In this recipe, you will create an Apache Flink application that every 5 seconds counts the number of words that are posted on an Apache Kafka topic using the Kotlin programming language.
Flink natively supports Java and Scala, but you can use any JVM language to create your application.
This recipe for Apache Flink is a self-contained recipe that you can directly copy and run from your favorite editor. There is no need to download Apache Flink or Apache Kafka.
This project setup is based on the official Apache Flink Maven quickstart for the Java API .
To add support for Kotlin, you add dependencies and configure them correctly in the Maven project. The full documentation can be found at the Kotlin Maven build tool documentation.
The kotlin-stdlib-jdk8
artifact can be used with JDK 8 and JDK 11 (or higher).
<!-- The Kotlin standard library + extensions to work with Java 7/8 features. -->
<dependency>
<groupId>org.jetbrains.kotlin</groupId>
<artifactId>kotlin-stdlib-jdk8</artifactId>
<version>1.7.22</version>
</dependency>
You need to explicitly define your Kotlin source- and test directories in Maven, so you can reference them in the necessary configuration for the Kotlin Maven plugin.

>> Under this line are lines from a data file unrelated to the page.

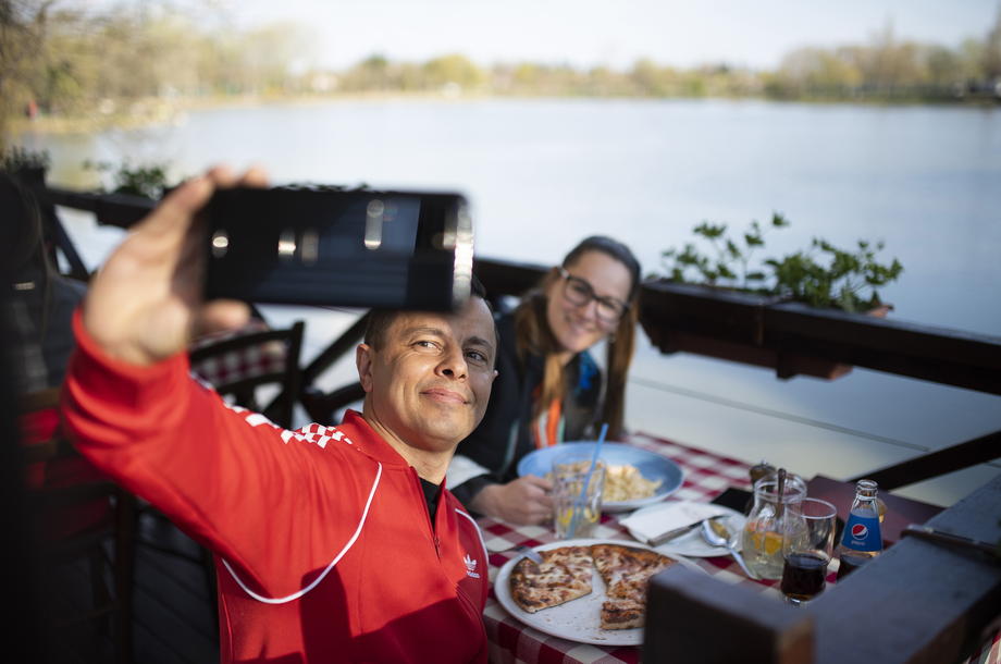 epa09157298 A couple makes a selfie on a terrace of a restaurant in Nyiregyhaza, Hungary, 24 April 2021. Hungarians had their first taste of normality in nearly six months today as the outdoor terraces of restaurants and bars reopened marking the newest round of openings in the country. EPA-EFE/Attila Balazs HUNGARY OUT
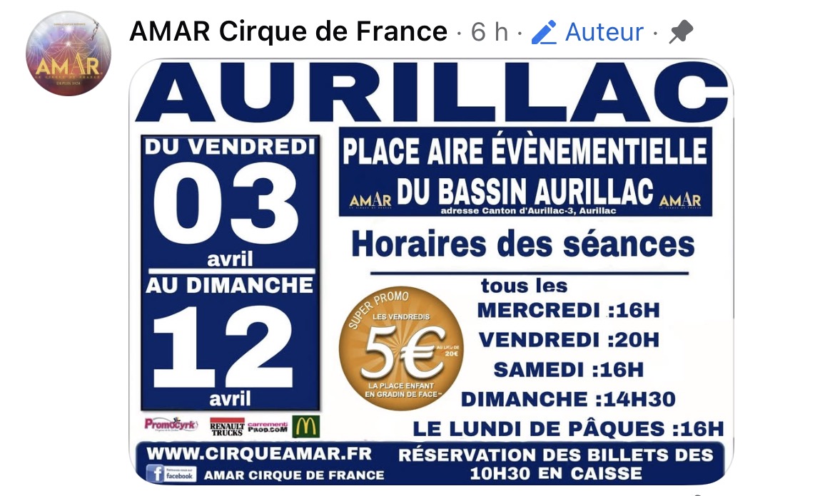 BON DE COMMANDE PLACES AURILLAC EN SCENE VENTE DES BILLETS "CIRQUE AMAR" A L'AMICALE LE 24 MARS ET LE 31 MARS 2026 |
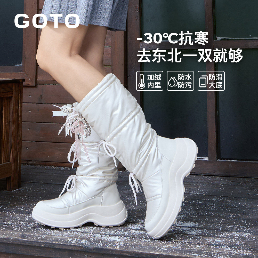 GOTO高筒户外加绒雪地靴子防滑防水女鞋冬季厚底轻便保暖东北棉鞋

<sourceDirectory>src/main/kotlin</sourceDirectory>
<testSourceDirectory>src/test/kotlin</testSourceDirectory>
The Kotlin Maven plugin uses the previously configured values and connects them to the correct Maven lifecycles.
<plugin>
<groupId>org.jetbrains.kotlin</groupId>
<artifactId>kotlin-maven-plugin</artifactId>
<version>1.7.22</version>
<executions>
<execution>
<id>compile</id>
<phase>process-sources</phase>
<goals>
<goal>compile</goal>
</goals>
</execution>
<execution>
<id>test-compile</id>
<phase>test-compile</phase>
<goals>
<goal>test-compile</goal>
</goals>
</execution>
</executions>
<configuration>
<jvmTarget>${target.java.version}</jvmTarget>
</configuration>
</plugin>
By configuring your main class, Maven can properly create a fat JAR when you are building the recipe.
<!-- Note that the Kotlin compiler adds a "Kt" suffix to the class name! -->
<mainClass>io.confluent.developer.cookbook.flink.WordCountKt</mainClass>
The recipe uses Kafka topic input
, containing String records.
"Frodo Baggins"
"Meriadoc Brandybuck"
"Boromir"
"Gollum"
"Sauron"
...
The recipe uses the Apache
Flink KafkaSource
connector in the application to connect to your Apache Kafka broker.

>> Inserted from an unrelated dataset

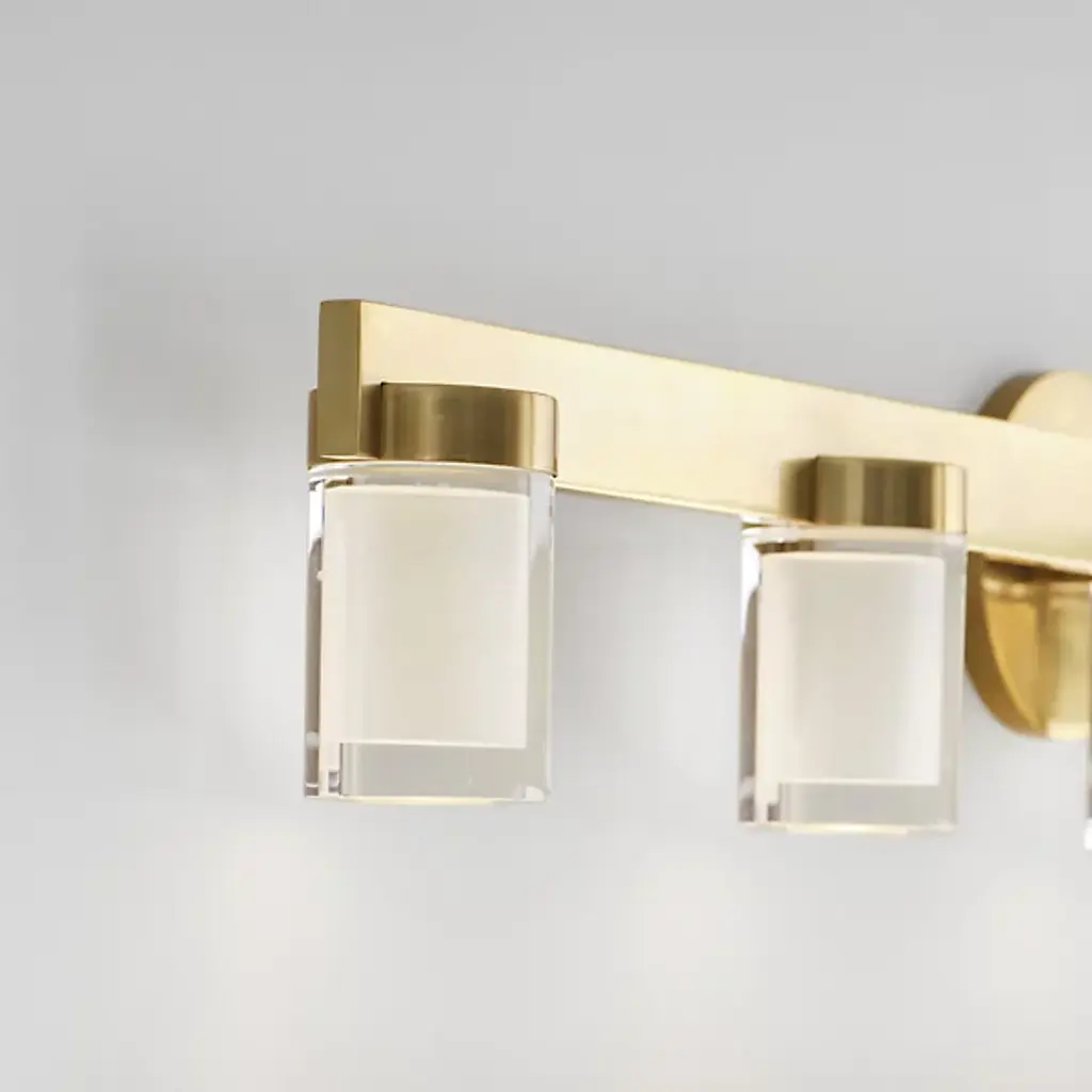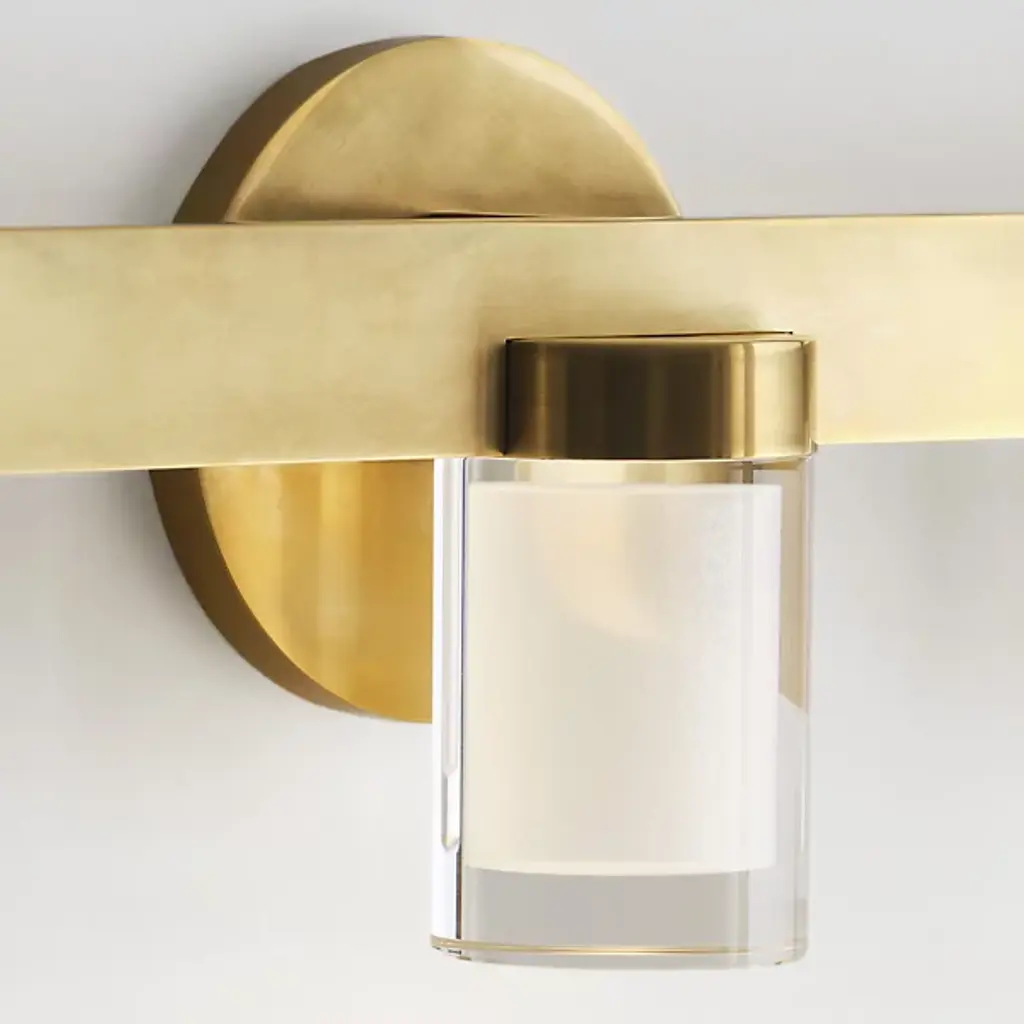 Meet the Esfera LED Vanity Light from Visual Comfort Modern, a testament to elemental materials and spatial symmetries. Designed by Kelly Wearstler, this fixture is a modern representation of cylindrical multi-dimensional prisms seamlessly merging with linear metal detailing. The simple, retro form is secured by a circular wall plate, with the integration of LED lamping within crystal cylinders extending from a horizontal bar that dispenses a gorgeous glow around it. The fixture is at once visually textured and straightforward, offering ADA-compliant and damp-listed functionality, creating a harmonious blend of mid-century modern and contemporary style, delivering refined form and potent function with its sophisticated design.

The recipe uses a Kotlin data class. The class has public and mutable properties, with a no-arg constructor so that Flink treats it as a POJO. This has performance benefits, and more importantly allows schema evolution (i.e., you can add/remove fields) when using this class for state. An immutable data class would be serialized via Kryo, because Flink does not have built-in support for such classes.
Alternatively you could also use Avro types, or implement custom TypeSerializers for your data types.
data class Event(var word: String, var count: Int) {
constructor() : this("", 0)
}
Each appearing word and the number of appearances will be stored in this data class. Everytime 5 seconds have passed, the application will output the word and how many times it has appeared in that timeframe. Since the data is unbounded, the output to the console will never stop.
val counts = textLines
.flatMap(Tokenizer())
.name("tokenizer")
.keyBy { value -> value.word }
.window(TumblingEventTimeWindows.of(Time.seconds(5)))
.reduce(Sum())
.name("counter")
This recipe is self-contained. You can run the WordCountTest#testProductionJob
test to see the full recipe
in action. That test uses an embedded Kafka and Flink instance, so you can run it directly via
Maven or in your favorite editor such as IntelliJ IDEA or Visual Studio Code.